For Mr Kohli, the curve area around 40 basis points is important to watch, because it's a support level that's held three times since April. A drop below there could push the market toward 20 basis points, Mr Kohli and fellow BMO strategist Ian Lyngen wrote in a note Friday.

That would be significant to the analysts because in a survey they conducted before Friday's labor-market report, clients indicated that around 20 basis points would be a level that would worry the Fed. Last month, some officials signaled concern about the curve heading toward inversion. Atlanta Fed President Raphael Bostic called it "my job to make sure that doesn't happen."

Last week, St Louis Fed President James Bullard attributed the spread narrowing to the Fed's rates normalization. He said the central bank doesn't have to "be so aggressive as to invert the yield curve."

But Friday's robust US jobs report may extend the flattening march, by keeping alive the possibility of four hikes this year. The overnight index swaps market is pricing in 55 basis points of tightening for the rest of the year, versus 51 basis points before the data.
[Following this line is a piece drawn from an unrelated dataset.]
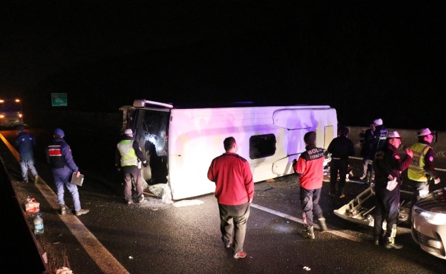 Lastiğe çarpan minibüs devrildi: 17 yaralı

The benchmark 10-year yield ended last week at 2.9 per cent, after rebounding from the biggest tumble since 2016 as traders moved past some of the political concern emanating from Europe.

For Jonathan Cohn at Credit Suisse, the flattening move raises some risks as well: If officials object to the trend, the curve could steepen again and drive longer-dated yields higher.

With a further flattening push, the market focus will turn to "curve inversion and to the Fed rhetoric around that," the strategist said. "You'll see a selloff, another break through 3 per cent and then talk of a bear market will return."